John "Philip" Wernette (October 29, 1903 – August 12, 1988) was the eighth president of the University of New Mexico serving from 1945 to 1948.

==Early life==
Wernette was born in Imlay City, Michigan to parents Jacob Israel and Bessie (Barris) Wernette and grew up in Grand Rapids. His family moved to California in 1917 while he was still in high school.

He began attending college at UCLA in 1919 where he was a member of Sigma Pi fraternity. He transferred to the University of California, Berkeley where he earned his A.B. degree in 1924. He earned an A.M. degree at the University of Southern California in 1926. He earned a second master's degree in 1929 and his Ph.D. degree in 1932, both from Harvard University.

==Harvard University==
While earning his master's degree, Wernette became an associate professor at the Harvard School of Business Administration in 1927. He spent seventeen years as a teacher there. While on the faculty, he was a financial consultant to the governments of Peru and Colombia. He was also a fellow of the Social Science Research Council where he studied the English banking system. During World War II he served as War Price Coordinator in the Office of Price Administration. He was also a member of the Inter-Departmental Procurement Policy Board.

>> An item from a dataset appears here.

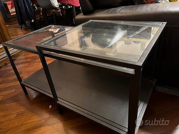 Tavolini Ikea in vetro e metallo nero. Sono sovrapponibili a piacere oppure utilizzati separati come si vede dalle foto. Le misure del tavolino rettangolare sono cm 90 x 45, quello quadrato cm50 x 50. Se sovrapposti completamente sono cm cm 93 x 50. Hanno i segni dovuti solo all usura, i vetri non sono scheggiati. Sono già completamente smontati e imballati. Sconsiglio la spedizione x la presenza di vetri.

==University of New Mexico==
Upon arriving in Albuquerque, Wernette focused on improving the university's faculty, programs, and services. He instituted an eighteen-point program of procedures for the selection of new faculty and appointed a committee to ensure better teaching candidates for faculty members. He also developed a program for faculty advancement.

He established the offices of the General Placement Bureau, Veterans Assistance, and Testing and Counseling Services to assist students. He required all seniors in 1946 to take the Graduate Record Examinations test to provide the school with a measurement of how well it was educating its students.

While he was president, the university started the Law School and the School of Business Administration. The university's enrollment grew from 924 to 4,491 students with the end of World War II.

In 1947, he came into conflict with the Board of Regents over the hiring of two faculty members who he thought were unqualified. His contract was not renewed by the Board of Regents in 1948.

==University of Michigan==
After being dismissed from the University of New Mexico, Wernette found a job at the University of Michigan in 1948 as the Director of the Bureau of Business Research and Professor of Business Administration. He taught classes in business and government and was the founder and editor of the Michigan Business Review.

From the early 1950s to the early 1980s he traveled and gave many speeches to business groups and the University of Michigan's Executive Development Program.

==Published books==
- Money, Business and Prices (1933)
- Problems in Economic Theory (1939)
- The Control of Business Cycles (1940)
- Problems in Merchandise Distribution (1942)
- Financing Full Employment (1945)

==Personal life==
He married Eleanor DeCourcy on August 17, 1940 in Manchester, NH. They had two children, John D. and Elizabeth Eleanor. He was a member of the Masons and the Rotary International. He served on the board of directors of the Ohio Citizens Trust Company of Toledo, OH.